● Aim of the exercise
Only the lines below from the one containing "全校集会では、交通安全標語の" through the last line should be set down, exactly as written and with no pictures.

● Dataset excerpt

· · · · ·

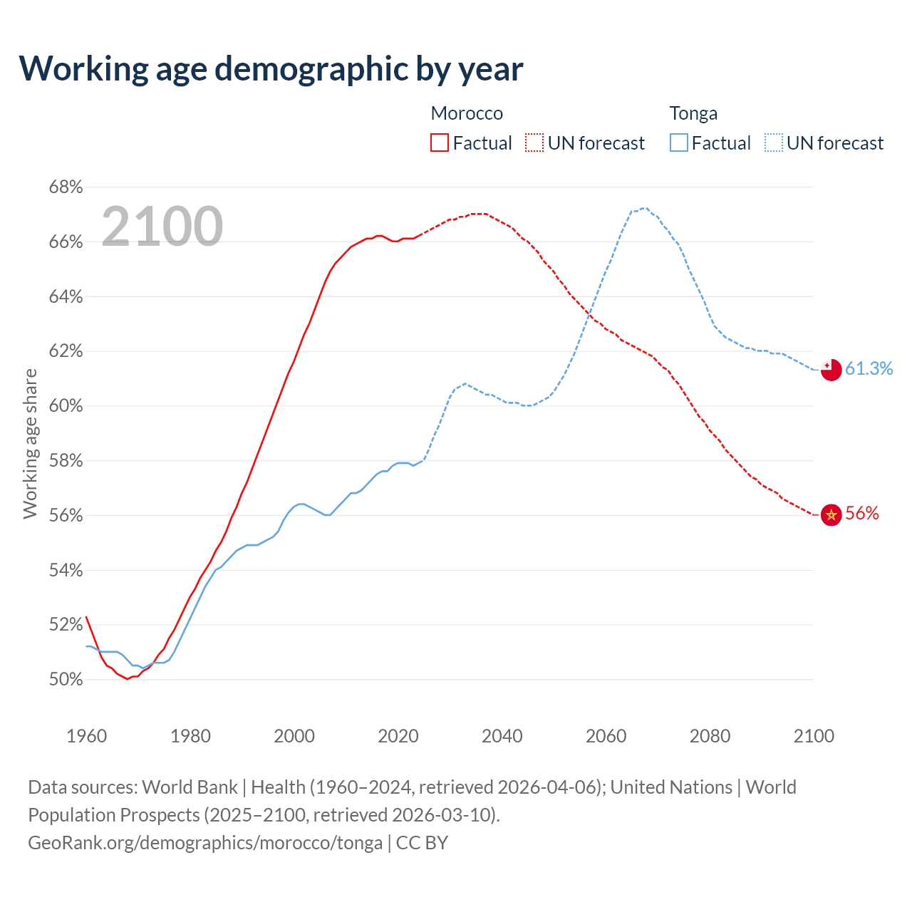 - Morocco has 25.7M working age adults (aged 15-64) vs 59.8K in Tonga.
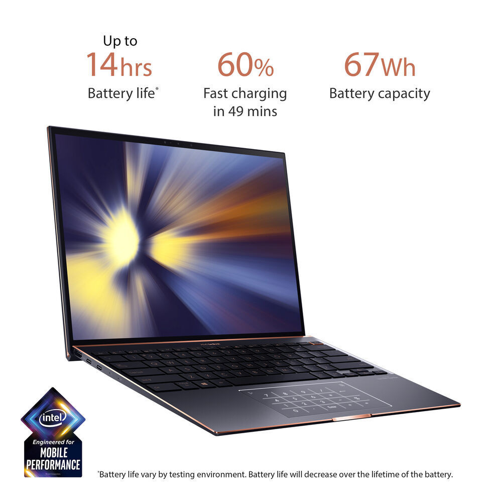 Stay productive while on the go with the ASUS 13.9" ZenBook S UX393EA-XB77T Multi-Touch Laptop. It features a compact, all-metal unibody design with a Jade Black livery and Red Copper diamond-cut highlights. Powered by an 11th Gen 2.8 GHz Intel Core i7-1165G7 Quad-Core processor and 16GB of LPDDR4X RAM, this laptop can handle the productivity apps you need. The 1TB M.2 NVMe PCIe SSD allows for faster boot times. Connect to the internet via Wi-Fi 6 (802.11ax). You can also connect to accessories and peripherals wirelessly with Bluetooth 5.0.
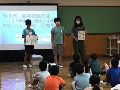 全校集会では、交通安全標語の表彰や校長先生のお話、委員会からの連絡があり、学校に新しく入った本の紹介もありました。これからの生活で気を付けていきたいな、そんなことがいっぱい詰まった集会でした。
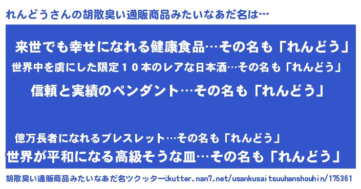 | ヘコむあだ名 | 『れんっちょ』『れんどう(笑)』 |

· · · · ·

● Your solution
 全校集会では、交通安全標語の表彰や校長先生のお話、委員会からの連絡があり、学校に新しく入った本の紹介もありました。これからの生活で気を付けていきたいな、そんなことがいっぱい詰まった集会でした。
 | ヘコむあだ名 | 『れんっちょ』『れんどう(笑)』 |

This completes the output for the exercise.